POSE IN PRESS A collection of articles about Pose Method and Dr.Romanov in various publications.
MEN'S JOURNAL (USA)
HOW TO RUN THE RIGHT WAY
A couple of years back barefoot running was big news - for about a month, until most guys put their shoes back on. Still, this fad can help you RUN FASTER WITHOUT INJURY. by Geoff Van Dyke
RUNNING IS ONE OF THE MOST POPULAR FORMS OF EXERCISE in America, yet, according to devotees of barefoot running, almost everyone does it wrong. They think we shoe-wearing runners tend to overstride and land on our heels, which slows us down and leads to shin splints, sore tendons, and knee pain. We could all be a lot faster and less sore, our barefoot brothers say, if we would learn to run right.

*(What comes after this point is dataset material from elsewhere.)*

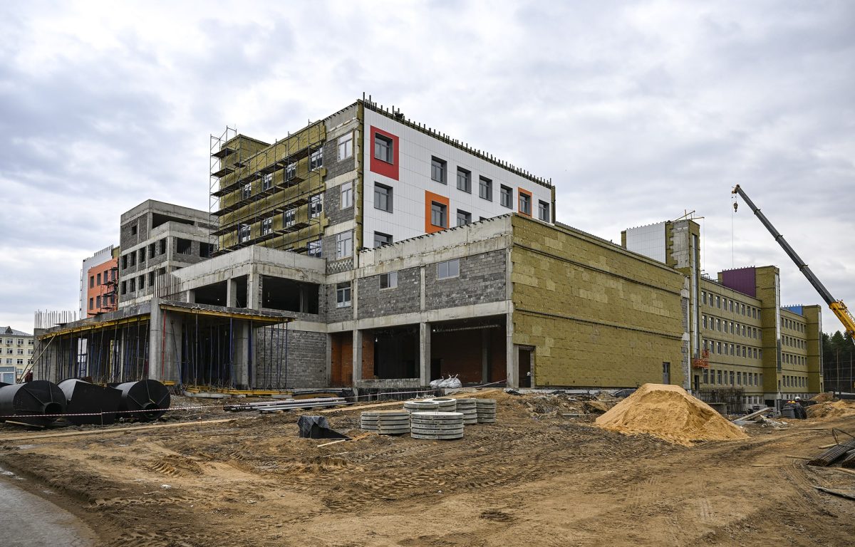 Сейчас на площадке завершаются устройство кровли и монтаж оконных блоков медицинского комплекса ДОКБ. Продолжаются внешние и внутренние отделочные работы, монтаж перегородок, устройство внешних и внутренних инженерных систем, идет установка котельной.

But most guys aren't about to ditch their Asics, which is why shoe¬less running never really caught on. That's a shame, because running au naturel requires you to use proper form: keeping your center of gravity over the balls of your feet, landing on your mid- or forefoot rather than on your heel, and taking shorter, more fluid strides.
The increasingly popular Pose method of running, developed by Russian track coach Nicholas Romanov in the 1970s and brought to the U.S. in the 1990s, shares many basic principles with barefoot running, without the risk of cuts and scrapes. Pose runners believe each stride is a sequence of “poses” designed to make gravity propel you. The key is to keep your weight forward and make your strides short and light; you shouldn't be clomping along like a Clydesdale.
Pose coach Connie Sol recommends doing the following drills once or twice a week. She also suggests running barefoot (or in socks) on a golf course or in a park with debris-free grass. Try it for 10 minutes once weekly to start, then add a minute or two each week. If you think like a barefooter, better running form will become second nature.
| Jump Rope Barefoot
Keep your weight on the balls of your feet. With each jump, make sure you pull your feet up behind you using your hamstrings rather than push¬ing off with your quads. Start with three sets of 10 reps, and add one rep per set each week. When you get up to 20 reps, add another set, then another, until you eventually reach 100-plus reps total (five or more sets of 20 reps).
|Change of Support
Stand in a frozen running position, one foot on the ground, knee bent slightly; lift the other foot off the ground, with that knee bent at roughly 90 degrees. Hop from foot to foot, using your hamstrings to pull the ankle up toward the hip while the other foot comes down. It's like freeze-frame running. Hold each hop for a beat, then repeat, doing 10 reps for each leg. Do one set the first week; add a set per week until you're up to three.
|Hop in Place
Start with both feet on the ground. Hop up quickly, pulling your left heel up behind you, bending the left knee to about 90 degrees. Land on your right foot but keep your left foot off the ground. Hop again; when you come down, land on both feet at the same time. Repeat, pulling your left foot back up. Do 10 reps on one side, then switch to the other side. Gradually increae reps until you reach 20 per leg, then add another set.